This is a question from a practice paper which I have an exam on the first day back. I just wanted to run it by someone else to see if what I was doing was correct.

I structured my entire answer on the properties of a group:Which, if any, of the following subsets of $\displaystyle S_4$ are subgroups? Give brief reasons for your answers.

i). {i, (1 2)}

ii). {(1 2 3), (1 3 2)}

iii). {i, (1 2)(3 4), (1 4)(2 3)}

iv). {i, (1 2), (1 4), (2 4), (1 4 2), (1 2 4)}.

1). Closed

2). Associativity

3). The existence of a neutral element

4). The presence of inverses.

i). Is not associative since starting at 1, there is no path to 3 or 4 (The definition of associativity states that "$\displaystyle \forall g_1, g_2 \in G \exists g_3 \in G s.t g_1g_2=g_3$". Here the "$\displaystyle \forall g_1, g_2$" statement fails.).

All the other properties hold.

Therefore i) is not a subgroup of$\displaystyle S_4$.

ii). For this case, all the properties hold except for the presence of a neutral element. Starting at any of 1,2,3 or 4 there is no path that takes either of these numbers back to themselves without stopping at another number first.

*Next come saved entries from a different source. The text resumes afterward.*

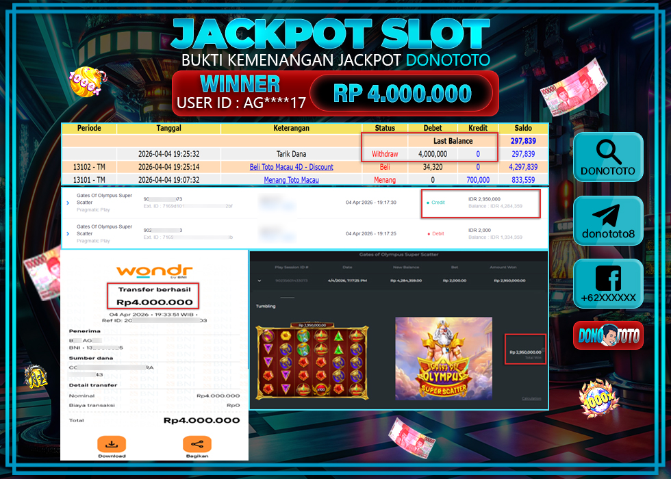 Bukti Jackpot DONOTOTO Slot Online Sabtu 4 April 2026 4.000.000 - LUNAS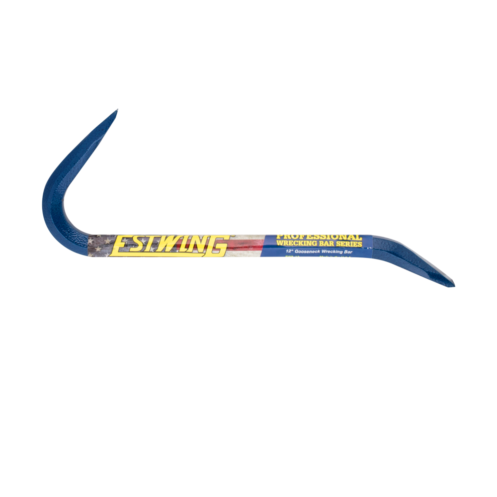 Estwing’s Gooseneck Wrecking Bars are forged from a single piece of American steel, delivering outstanding durability and strength for tough demolition work. Designed with a high-leverage gooseneck shape, they maximise torque to outperform standard crowbars when pulling nails or prying boards. One end features an angled chisel for effective lifting and prying, while the opposite end is slotted to grip and remove nails with ease. A durable blue powder-coated finish helps protect against corrosion and wear, ensuring lasting performance on the jobsite. Made in the U.S.A.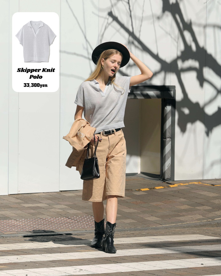 クリーンなグレーのスキッパーポロを主役に、無骨なワークショーツやウエスタンブーツを合わせて、どこか“カウボーイ”なムードで遊ぶ。そこにミニバッグで都会的なニュアンスを添えれば、シティにもすっと馴染む。ラフなのに、どこか洗練されて見えるのがいい。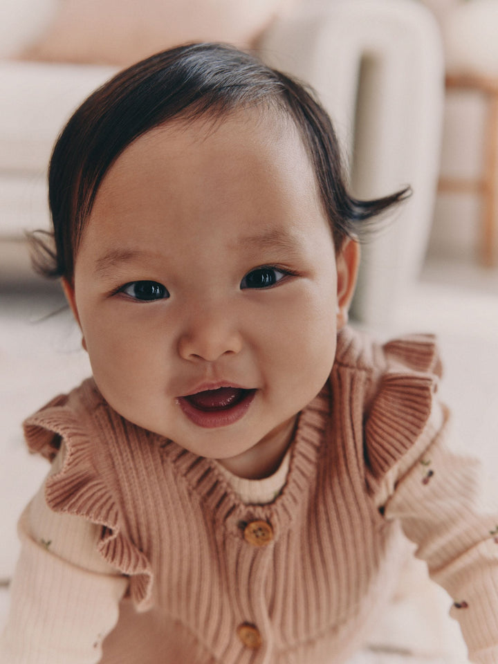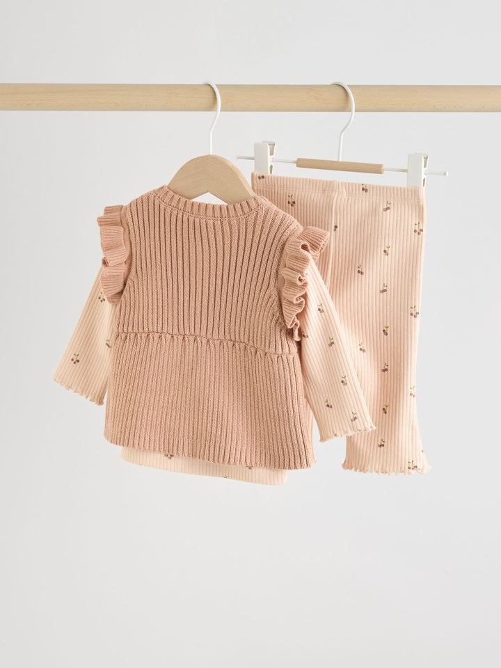 Neutral Cherry Baby Knitted Gilet, Long Sleeve Top and Leggings 3 Piece Set (0mths-3yrs)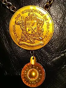 Le blason représente la carte de France avec un bas-relief de pied de vigne qui grimpe et s'étale sur l'ensemble du territoire en donnant naissance à une grappe de raisin à l'emplacement géographique de chaque région viticole pour représenter l'art de la vigne. Au centre de la France un écusson représente dans une diagonale l'art de la table par une assiette et des couverts, et dans l'autre diagonale l'art du vin par une bouteille et un verre à vin. Le tout est souligné par un bandeau qui reprend l'épigraphe : Bonum vinum laetificat cor Hominum.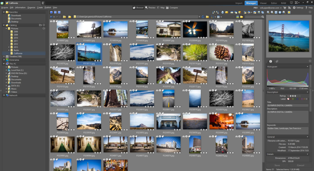 If you like ACDSee Photo Studio’s various categorization options and wish it came in a more user-friendly interface, Zoner Photo Studio is just the app for you. It has an extensive range of parameters you can use to organize your photographs, like color labels, keywords, ratings, etc.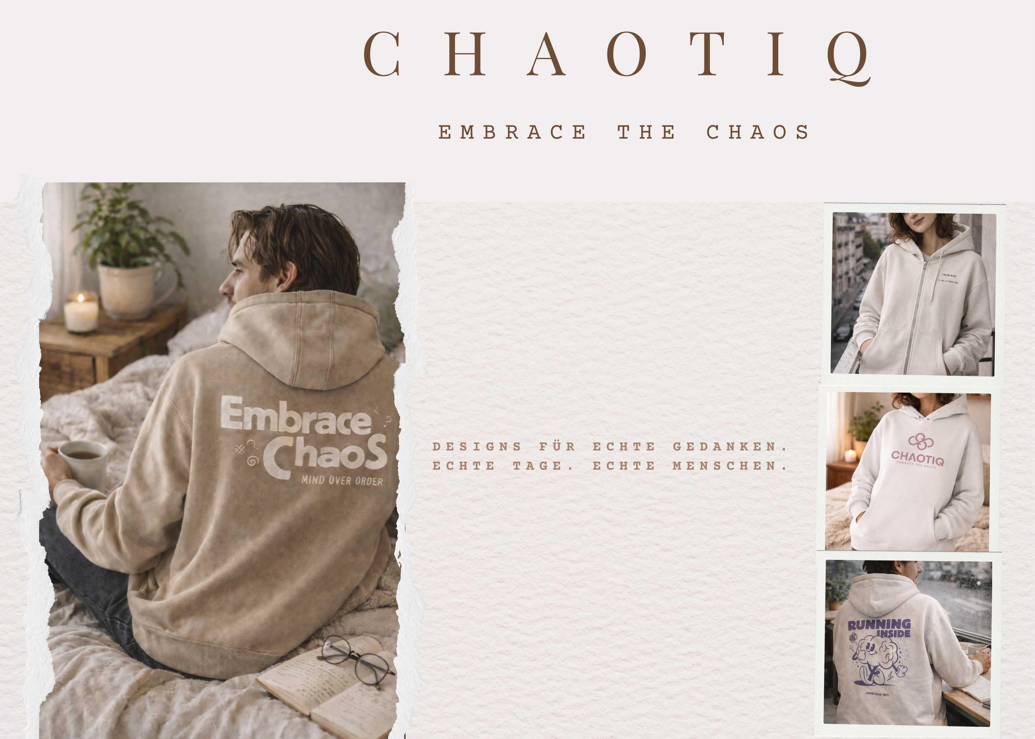 Wir sind eine Marke, die für Offenheit, Stärke und Selbstakzeptanz steht. Unsere Designs sollen Mut machen, Gespräche öffnen und zeigen: Du bist nicht allein. Jedes Teil trägt eine Botschaft für mehr Bewusstsein, echte Verbindung und mentale Gesundheit.

Hence ii). is not a subgroup of $\displaystyle S_4$.

iii). All the properties hold for this set.

Therefore iii). is a subgroup of $\displaystyle S_4$.

iv). All the properties once again hold except for associativity. Starting from 1,2 or 4 it is impossible to get to 3.

Therefore iv). is not a subgroup.

I think I have done this correctly but my answers to i) and iv) are the same. There is also only one property for a subgroup failing each time.

I would appreciate it if someone could check these answers and see if it is what they would put.